4. The first ground, however, has a little more substance. Azmi-Moayed is mentioned in the judge's determination: she implies that it is not really relevant because in the present case there are individual facts and so it is not necessary to rely on any vague general principles. However, the case purports to set out a summary of the jurisprudence on this area. We are inclined to doubt whether its specific guidance (if it gives any on its own authority) is of very much value. For example, the reference, which Mr Byrne pressed on us as relevant, to a child's having been in the United Kingdom for seven years, may be a summary of an interpretation and application of expired guidance in deportation cases: it is not otherwise easy to see why seven years was chosen rather than six or eight (so far as we know there is no research demonstrating the importance of the seventh anniversary of a migratory event in the general development of children). What that case does point out, however, is that there are decisions of the Tribunal and the courts in this area, and with respect it is far from clear that the judge took them fully into account. Nevertheless if that had been the only matter that caused us concern, we should have been very slow to displace the judge's decision. This was a case in which, as so often happens, 'the best interests of the child' were invoked without any real consideration of proving them by evidence. It does seem unlikely that a child's moving with his family to a different country even after seven years residence - for example if a parent obtains a job in the USA - is to be regarded as contrary to a child's best interests; and it is therefore far from clear why the answer should be different if the removal is proposed by the Secretary of State.

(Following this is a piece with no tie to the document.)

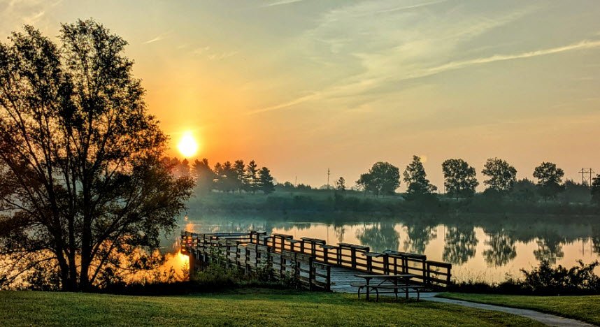 Nearly 10 miles of combined paved and soft trails wind through wetlands, woodlands, and prairie remnants for hiking, mountain biking, and wildlife viewing, complemented by a 101-site campground with showers, three cabins, picnic shelters, and a playground.

Presumably it is not the case that when removal is supported by the parents it is to be presumed to be in a child's best interests but when proposed by the Secretary of State it is presumed not to be in the child's best interests; but some of the decisions, read in the context of the general realities of family life, might suggest that.

5. The judge does, however, appear to have made a mistake of fact that in the circumstances falls to be treated as an error of law. In his own statement the second appellant appears to be making an appeal for his adult sister to be allowed to remain in the United Kingdom; and he appears also to be making reference to the need to continue to see his father. The judge did not, so far as we are aware, make any enquiry as to the status of those two other family members. She knew of their existence, and her findings of fact and of credibility embrace the father as well as the first appellant; but she did not consider the possibility that they had outstanding applications or appeals. When we inquired we were told that indeed they have appeals pending that have been sisted to await the outcome of the present appeal.

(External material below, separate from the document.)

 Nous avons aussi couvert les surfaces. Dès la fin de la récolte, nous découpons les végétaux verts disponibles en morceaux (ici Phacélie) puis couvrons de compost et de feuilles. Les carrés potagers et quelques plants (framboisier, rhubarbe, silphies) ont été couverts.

6. It is obviously unsatisfactory that appeals of members of the same family, raising independent issues but based in part on the same facts, should be allowed to become or remain separated in this way. Given the way in which the judge treated, and needed to treat, the evidence of the second appellant's parents' history, we are absolutely confident that she would have considered that all four appeals needed to be heard together so that an assessment could be made of the evidence that took it all into account and reached the same conclusions in relation to each of the four appeals.

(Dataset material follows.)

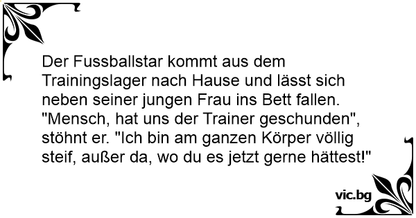 "Mensch, hat uns der Trainer geschunden", stöhnt er. "Ich bin am ganzen Körper völlig steif, außer da, wo du es jetzt gerne hättest!"
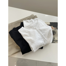 韩国女装简约设计感落肩圆领宽松竹节棉秋冬长袖t恤打底衫

7. For that reason we have reached the view that the present appeals should be allowed, the determination set aside, and that we should remit these appeals to the First-tier Tribunal to be determined afresh. None of Judge Grant-Hutchinson's findings of fact are preserved; but of course the evidence taken before her is evidence in the appeals. Given that all three paragraphs of First-tier Tribunal rule 20 apply to the four appeals, we direct that the present appeals be heard together with the appeals of Stephen Emmanuel and Esther Aduragbeni Emmanuel by a judge of the First-tier Tribunal other than Judge J C Grant-Hutchinson. Given the rifts in the family, the Tribunal must be prepared to make proper arrangements to obtain the best evidence from all those who intend to give it. Those arrangements are to be made in a directions hearing at the Glasgow First-tier Tribunal hearing centre on 4 August 2014.